Some houses have porches, other houses have basketball hoops in the driveways and others boast a bird bath in the front garden.

Villa Rosa has a moat populated by swans and turtles.

Avoid the sometimes overzealous welcome of those swans, pass through the mottled shade of two willow trees that arch over a wooden bridge and, all rather majestically, it leads you to the front door of Lisa Vanderpump.

This is no ordinary house.

And Lisa Vanderpump is no ordinary woman.

Vanderpump herself, perhaps predictably for anyone who has tuned into one of her hit reality TV shows, is sipping a cup of tea in the decadent surroundings of her Beverly Hills home as we sit down to discuss restaurants and razzle-dazzle. Or at least, that is the plan.

The entrance to Villa Rosa, parked high up in Beverly Hils, is stunning
The entrance to Villa Rosa, parked high up in Beverly Hils, is stunning (Lisa Vanderpump)
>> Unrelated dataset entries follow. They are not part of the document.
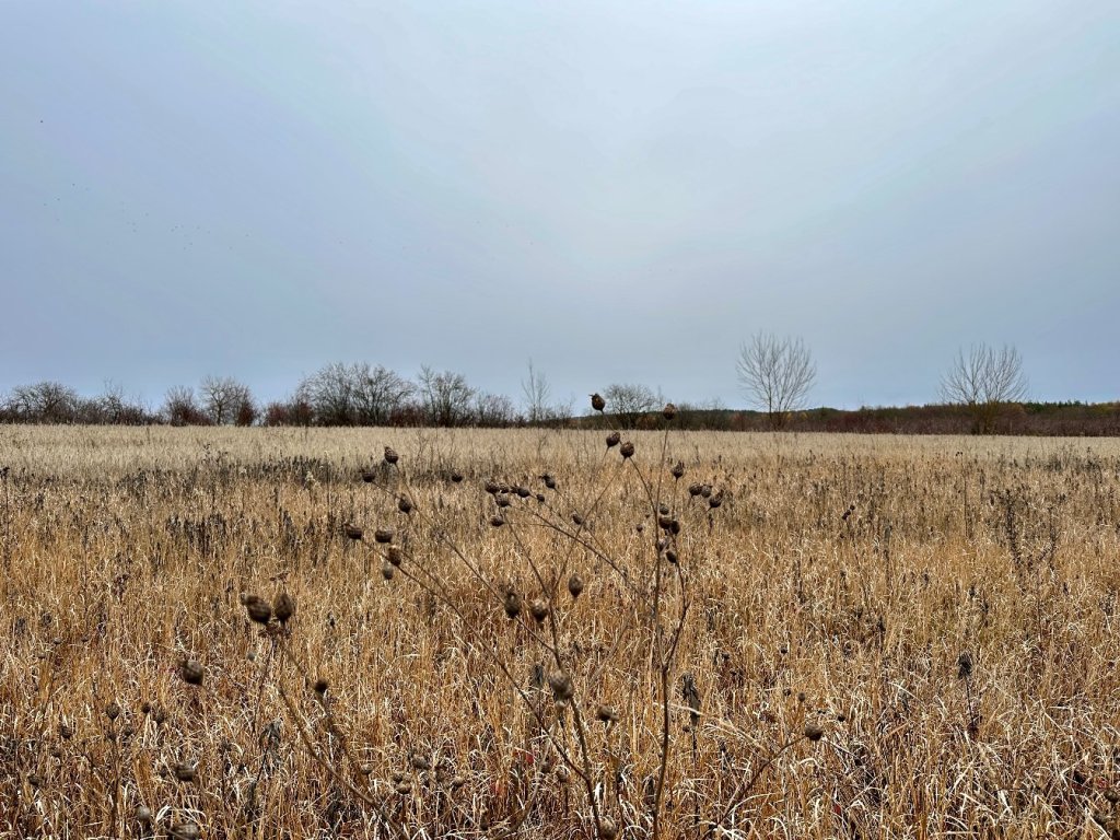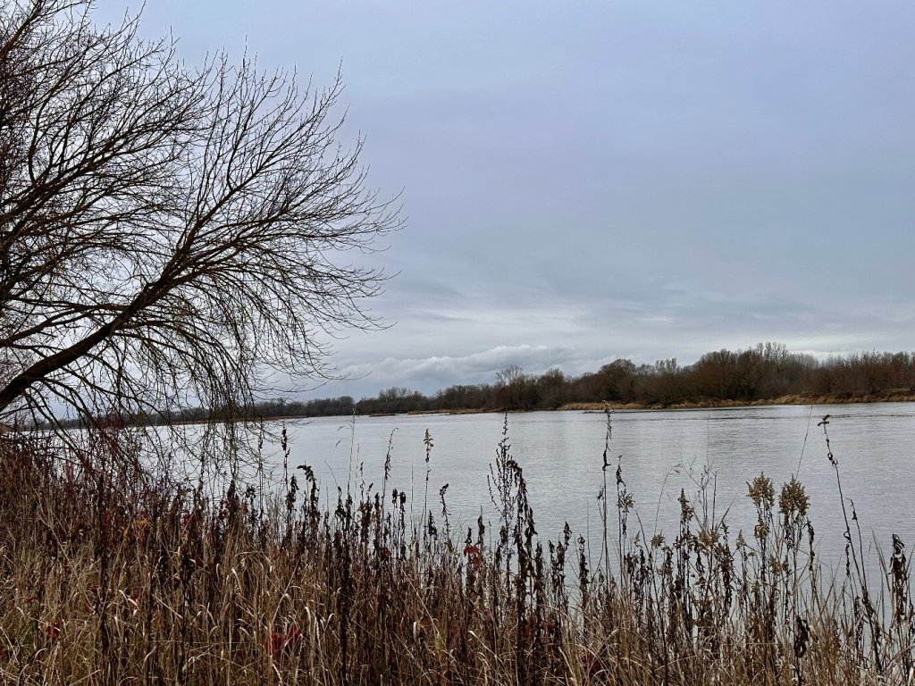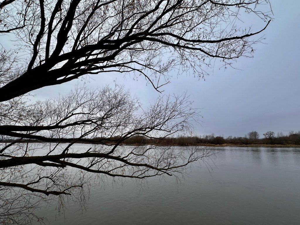 Kolory są niemal monochromatyczne, szare niebo, szara woda, poszarzałe trawy. Przystajemy na chwilę, patrząc, jak woda płynie powoli, jakby sama zwalniała na ten listopadowy moment.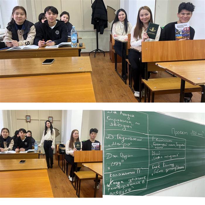 2023 жылдың 2 наурызда сабақ кестесі бойынша сағат 12:25-те «ҚазҰУ бейіндік мектебінің» 9б ФМ-1 оқушыларына дінтану және мәдениеттану кафедрасы, «6B03102-мәдениеттану» білім беру бағдарламасының 4-курс студенттері Алимхан Айдана мен Садуақас педагогикалық практика бойынша «100 кітап» атты инновациялық жобасы аясында оқушылармен сүйікті кітаптарын талқыға салды. Дінтану және мәдениеттану кафедрасының аға оқытушылары, ғылыми жетекшілері Жаркимбаева Дана Бактубаевна және Каупенбаева Самал Мухаметалиевна бағыт-бағдар беру мақсатында қатысты.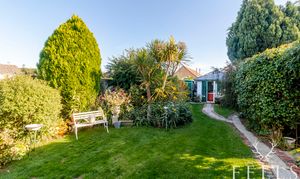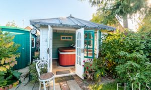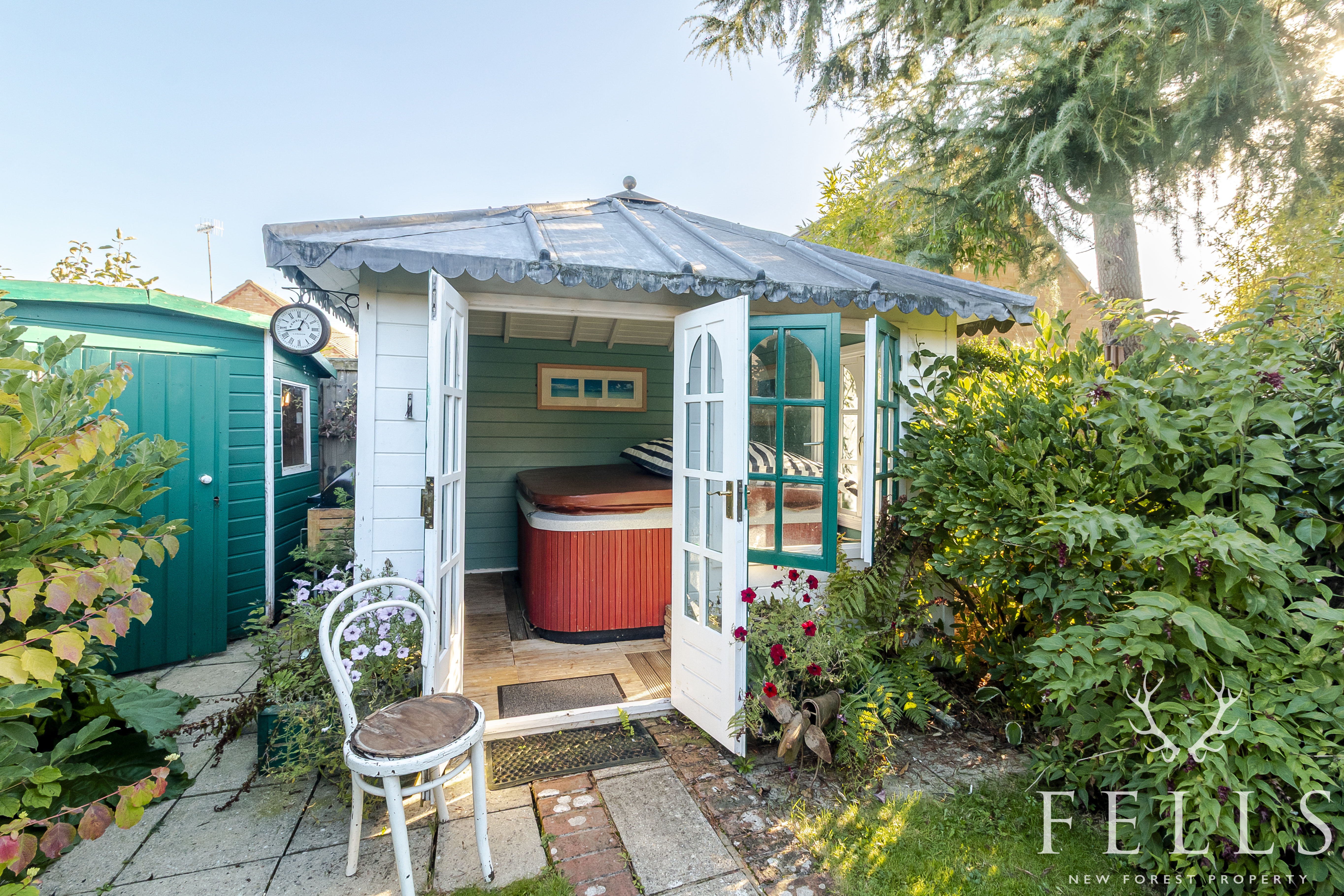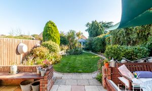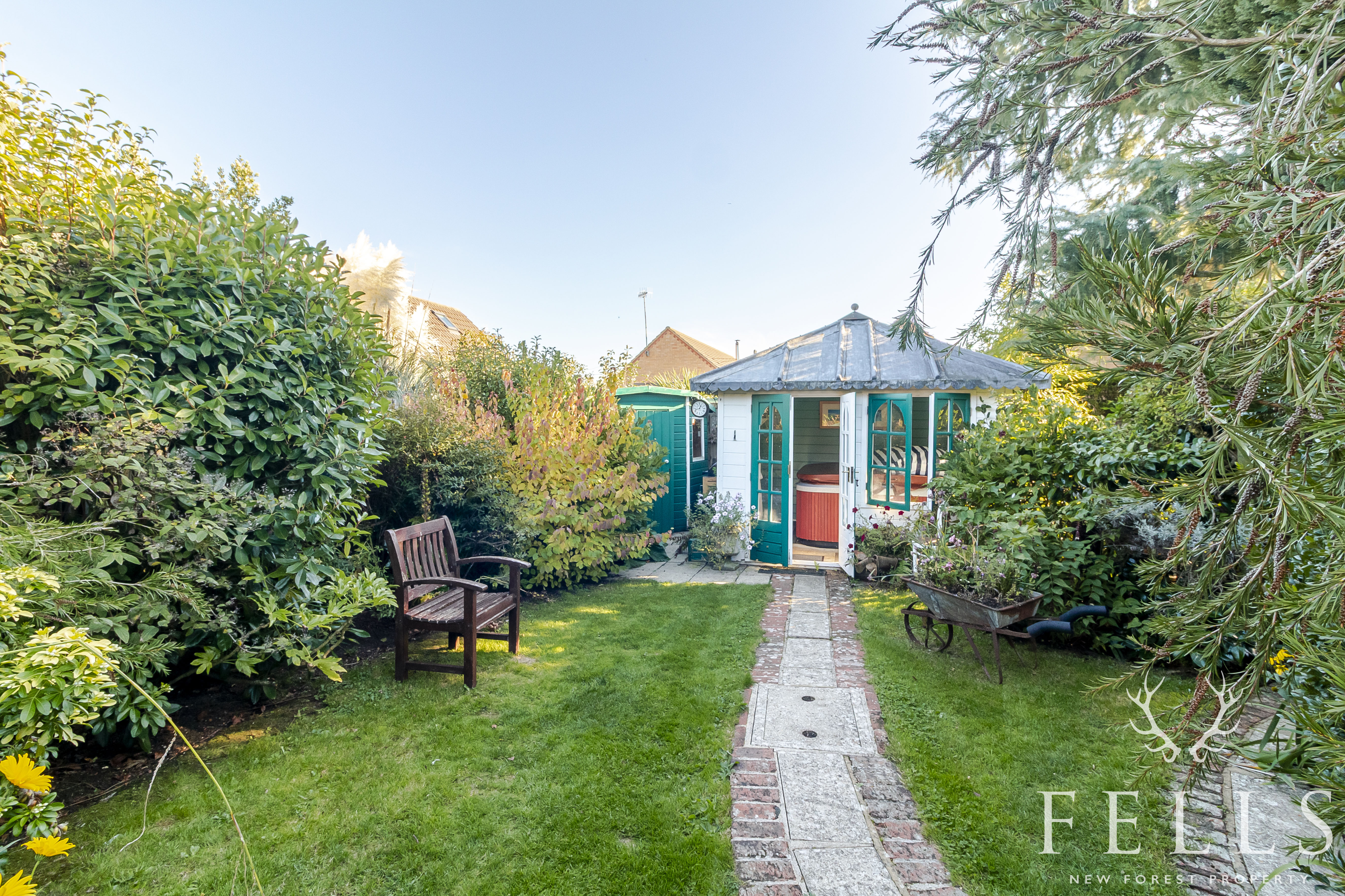 - Double garage, generous driveway parking and landscaped south-facing garden with waterfall, timber chalet and hidden garden zones
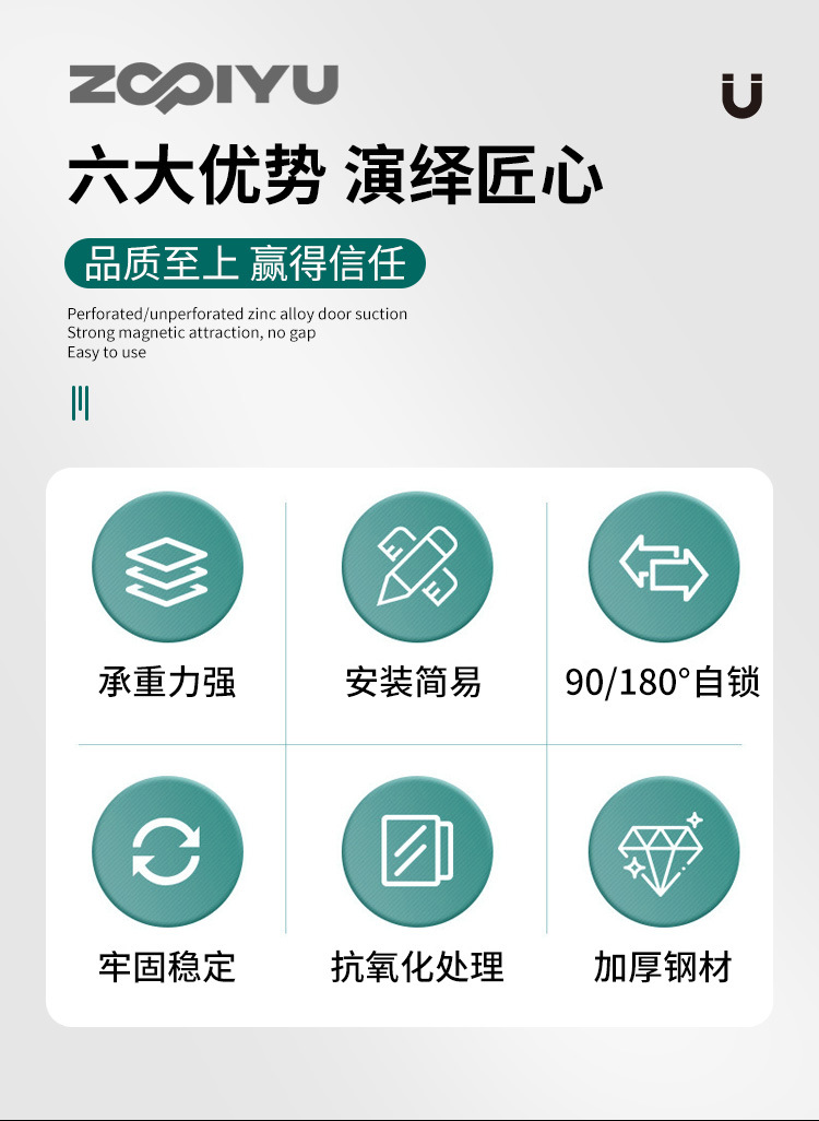 ドア吸引新型穴を開けない家庭用の強い磁気ドアがシリコンの寝室のドアに触れて静かなトイレの室内で衝突を防ぐ

Conversation doesn’t so much stray from the planned topics as deviate wildly, like one of Vanderpump’s gaggle of impeccably groomed dogs darting across the room and back.

Things begin with her burgeoning restaurant empire – now four in Los Angeles and a new cocktail bar in Las Vegas that has, since the interview, enjoyed a star-studded opening – and what separates her establishments from the rest. Talk strays to Brexit, Donald Trump and natural disasters (insert your own punchline here) and oscillates from side-splitting to tear-jerking.

Often you arrive somewhere with a plan and that goes completely out of the window. Other times, these interviews goes exactly as you’d expected.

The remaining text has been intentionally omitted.